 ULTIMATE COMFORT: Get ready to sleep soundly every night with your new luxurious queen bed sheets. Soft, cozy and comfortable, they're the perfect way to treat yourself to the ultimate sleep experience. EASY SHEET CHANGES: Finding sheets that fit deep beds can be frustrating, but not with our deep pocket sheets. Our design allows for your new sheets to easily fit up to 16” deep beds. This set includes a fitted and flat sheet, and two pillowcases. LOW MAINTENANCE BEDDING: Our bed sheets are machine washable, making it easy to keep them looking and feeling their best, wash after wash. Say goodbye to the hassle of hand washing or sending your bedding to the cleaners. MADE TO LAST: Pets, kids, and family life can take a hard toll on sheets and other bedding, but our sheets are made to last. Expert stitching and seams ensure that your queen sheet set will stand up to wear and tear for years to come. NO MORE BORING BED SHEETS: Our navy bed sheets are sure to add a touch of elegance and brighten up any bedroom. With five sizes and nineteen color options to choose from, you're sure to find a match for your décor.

==

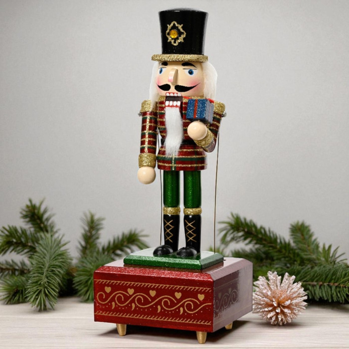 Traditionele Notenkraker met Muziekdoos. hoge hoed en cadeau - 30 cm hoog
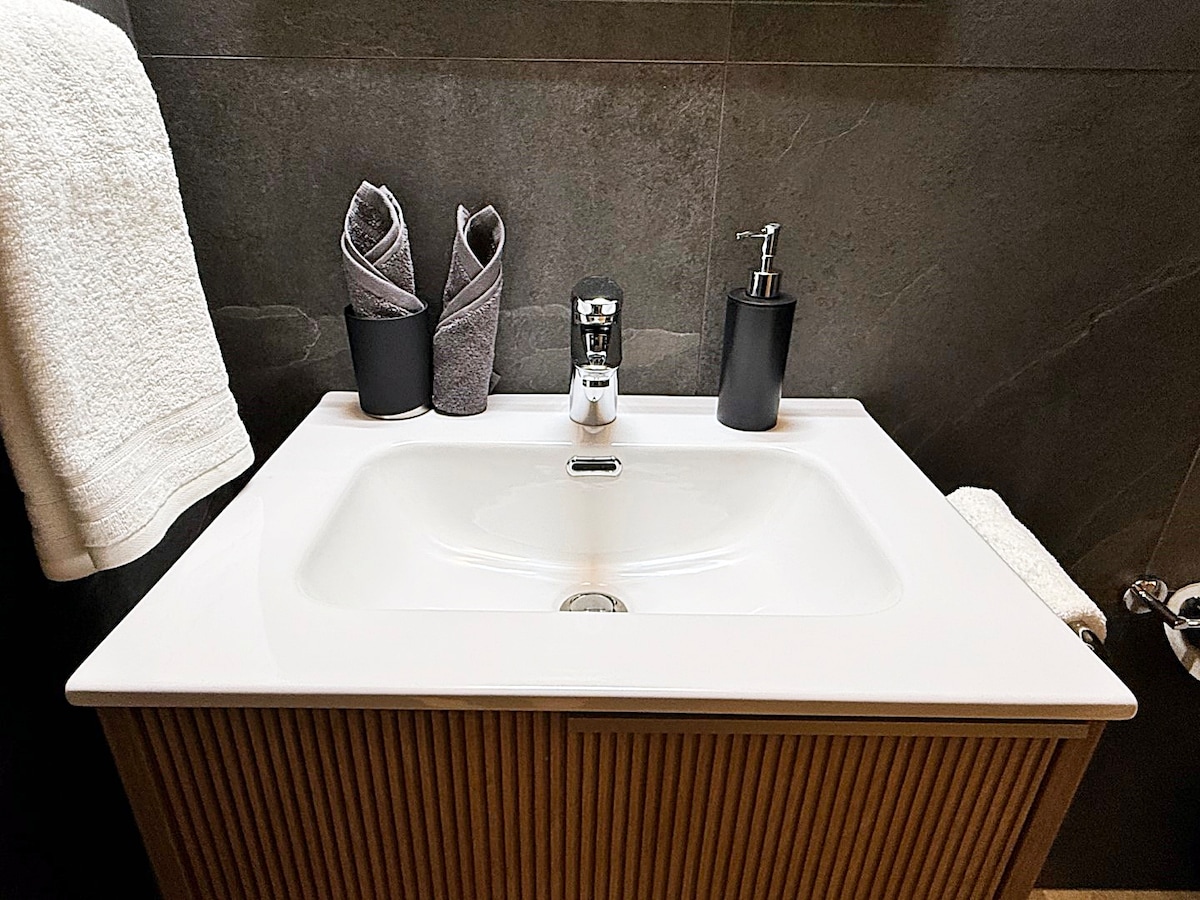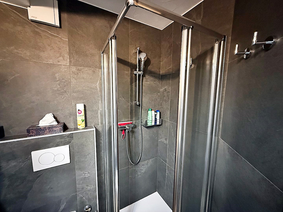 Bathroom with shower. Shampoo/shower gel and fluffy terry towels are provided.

* * *

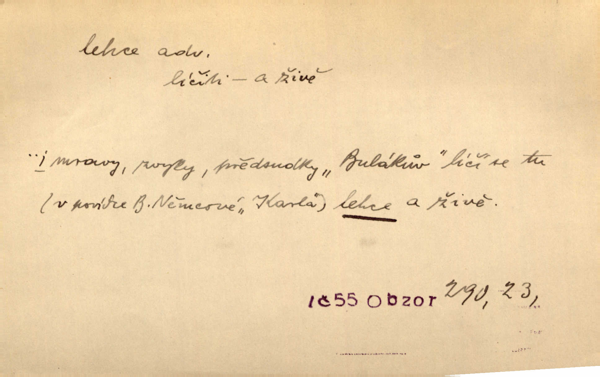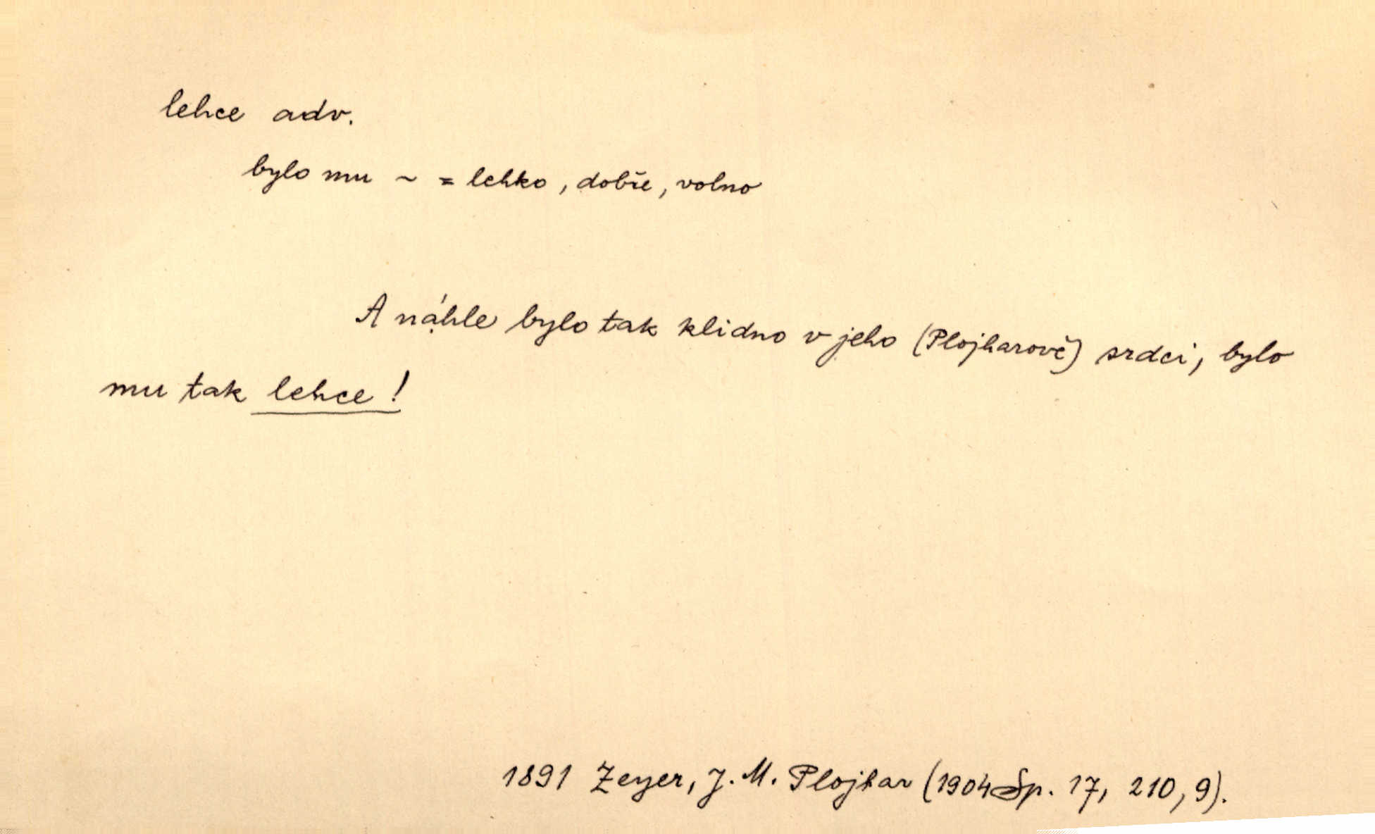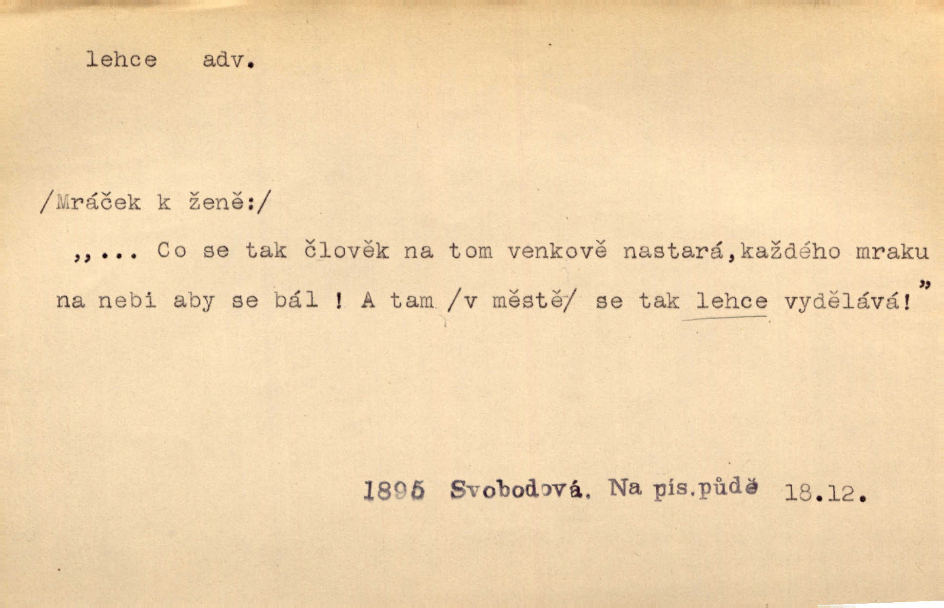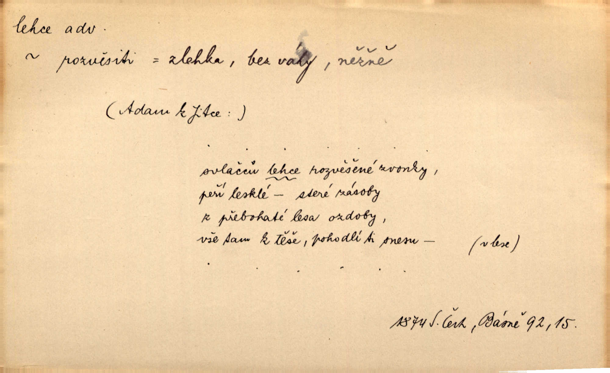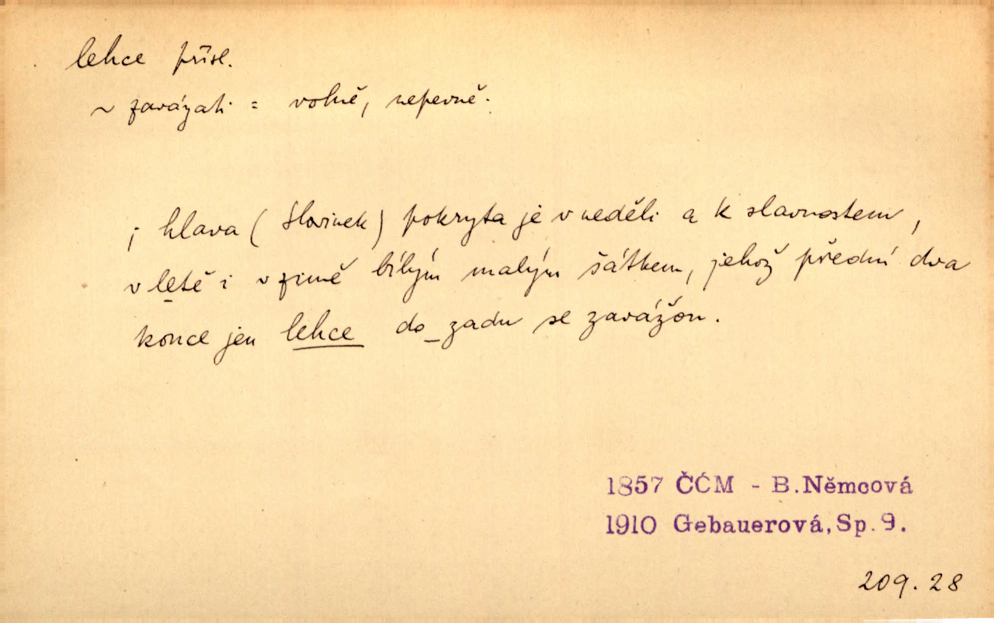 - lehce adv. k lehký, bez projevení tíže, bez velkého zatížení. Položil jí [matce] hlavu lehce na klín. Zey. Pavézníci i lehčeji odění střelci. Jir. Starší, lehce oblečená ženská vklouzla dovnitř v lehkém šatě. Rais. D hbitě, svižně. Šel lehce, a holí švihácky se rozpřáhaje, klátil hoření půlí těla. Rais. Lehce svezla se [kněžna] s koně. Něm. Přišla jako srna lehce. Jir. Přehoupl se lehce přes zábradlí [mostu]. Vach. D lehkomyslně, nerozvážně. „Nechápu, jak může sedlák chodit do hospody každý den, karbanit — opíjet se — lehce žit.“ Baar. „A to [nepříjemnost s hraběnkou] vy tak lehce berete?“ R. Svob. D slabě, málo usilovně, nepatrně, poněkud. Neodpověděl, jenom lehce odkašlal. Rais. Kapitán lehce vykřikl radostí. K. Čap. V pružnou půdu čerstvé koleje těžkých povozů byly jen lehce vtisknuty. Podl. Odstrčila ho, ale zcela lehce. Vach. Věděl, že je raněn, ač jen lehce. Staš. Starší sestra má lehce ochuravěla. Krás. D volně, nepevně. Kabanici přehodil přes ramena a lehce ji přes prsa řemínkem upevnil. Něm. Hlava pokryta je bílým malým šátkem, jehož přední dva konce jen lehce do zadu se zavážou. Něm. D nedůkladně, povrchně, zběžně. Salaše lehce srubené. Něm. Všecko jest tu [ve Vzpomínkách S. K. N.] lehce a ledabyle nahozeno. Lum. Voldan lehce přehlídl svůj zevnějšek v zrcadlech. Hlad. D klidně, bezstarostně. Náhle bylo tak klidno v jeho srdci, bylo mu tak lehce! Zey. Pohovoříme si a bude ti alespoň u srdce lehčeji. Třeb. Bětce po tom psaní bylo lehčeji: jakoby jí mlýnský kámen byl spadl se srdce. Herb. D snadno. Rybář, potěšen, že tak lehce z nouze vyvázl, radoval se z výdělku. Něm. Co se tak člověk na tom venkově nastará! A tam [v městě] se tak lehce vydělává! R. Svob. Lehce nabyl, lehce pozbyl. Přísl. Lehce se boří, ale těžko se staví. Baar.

What you are asked to do: Although pictures appear among the records above, none are to be output; print exactly the lines from the line containing "Traditionele Notenkraker met" through the line containing "Bathroom with shower.".

Task answer:
 Traditionele Notenkraker met Muziekdoos. hoge hoed en cadeau - 30 cm hoog
 Bathroom with shower. Shampoo/shower gel and fluffy terry towels are provided.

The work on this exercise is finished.